Duqu, a very complex and modular malware platform thought to have gone dark in late 2012, has made its appearance within the environment of Kaspersky Labs. Dubbed “Duqu 2.0” by Kaspersky, the level of complexity found within the malware represents a high level of sophistication, skill, funding and motivation seen by nation-sponsored actors. Infections related to this malware have revealed links to the P5 1 events and related discussions regarding Iran's nuclear talks.
While the initial attack vector is unknown, evidence such as wiped mailboxes and cleared browser history suggest spearphishing and the use of a zero-day exploit to gain a foothold on patient zero. Other Zero-day exploits were noted by Kaspersky such as CVE-2014-6324 and CVE-2015-2360, allowing the attacker to run code at the highest privilege level and aid in lateral movement.
Digging into the analysis reveals the authors made almost every attempt to either mislead analysis using layered encryption/compression functions or keywords pertaining to other known APT groups. In the wild, most malware uses generic encryption algorithms such as XOR, DES and AES or third party libraries. Duqu 2.0 on the other hand defines its own algorithms such as Camellia 256, AES, XXTEA, according to Kaspersky. In addition to using specific encryption and compression methods, the Duqu 2.0 platform utilizes “In-Memory” backdoors rather then using other persistence mechanisms. The attackers targeted servers with high uptime to ensure the foothold on the network would last. After installing backdoors, the attackers could deploy a number of pluggable modules. Some of the different modules capabilities have been outlined below:
- WMI Data collection
- Exfiltration and data encryption
- Able to search for specific files/folders
- Extensive system/user information collection
- File/directory manipulation
- Network and domain discovery
- MS SQL, Oracle DB and ADOdb discovery
- Sniffer (network reconnaissance)
- Document metadata extraction
- Emails, images, multimedia files, pdf, office and archives
Network communication is also unique. Duqu 2.0 can append encrypted data to .gif or .jpeg image formats. Unlike the 2011 version of Duqu, which implemented a single user agent string, Duqu 2.0 selects a random user agent string from a table of 53 possibilities. By using network drivers, traffic can also be proxied through the victims LAN.

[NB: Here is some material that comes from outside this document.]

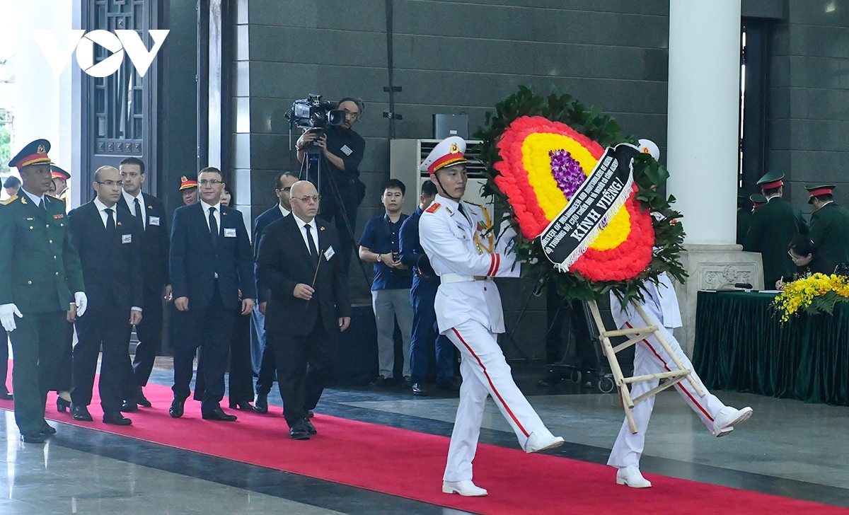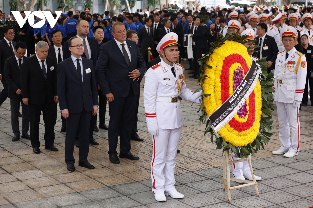 Pada hari yang sama, banyak negara telah mengirim rombongan-rombongan perwakilan untuk berziarah kepada Sekjen Nguyen Phu Trong di Wisma Duka Nasional di Jalan Tran Thanh Tong, Nomor 5, Kota Hanoi. Ketua Partai Rakyat Kamboja, Ketua Majelis Tinggi Kamboja, Hun Sen, mantan PM Kamboha, mengepalai rombongan Kamboja berziarah kepada Sekjen Nguyen Phu Trong. Rombongan Negara Kuba yang dikepalai Ketua Majelis Kekuatan Rakyat Nasional Kuba, Esteban Lazo Hernandez masuk berziarah; PM Han Duck-soo, utusan khusus Presiden Republik Korea mengepalai rombongan Republik Korea masuk berziarah kepada Sekjen Nguyen Phu Trong. Rombongan Jepang yang dikepalai Suga Yoshihide (mantan PM), utusan khusus PM Kishida Fumio masuk berziarah. Sue Lines, Ketua Majelis Tinggi Australia, mengepalai rombongan Australia masuk berziarah. Rombongan Uni Eropa yang dikepalai Josep Borrell, Wakil Presiden Komisi Eropa, Wakil senior urusan kebijakan keamanan dan diplomatik Uni Eropa masuk berziarah kepada Sekjen Nguyen Phu Trong. Selain itu, beberapa rombongan internasional seperti Indonesia, India, Vanuato, Aljazair, Swiss, Selandia Baru, Republik Demokratik Rakyat Korea, Myanmar, dan sebagainya, juga telah masuk berziarah kepada Sekjen Nguyen Phu Trong.

In summary, actors such as the authors of Duqu 2.0 show that the state of nation-sponsored attacks is reaching new heights. With multiple zero-day exploits and in-memory techniques, Duqu 2.0 goes beyond the traditional aspects of commodity malware. We appreciate Kaspersky publishing its in-depth findings and offering a level of transparency rarely seen in most public reports.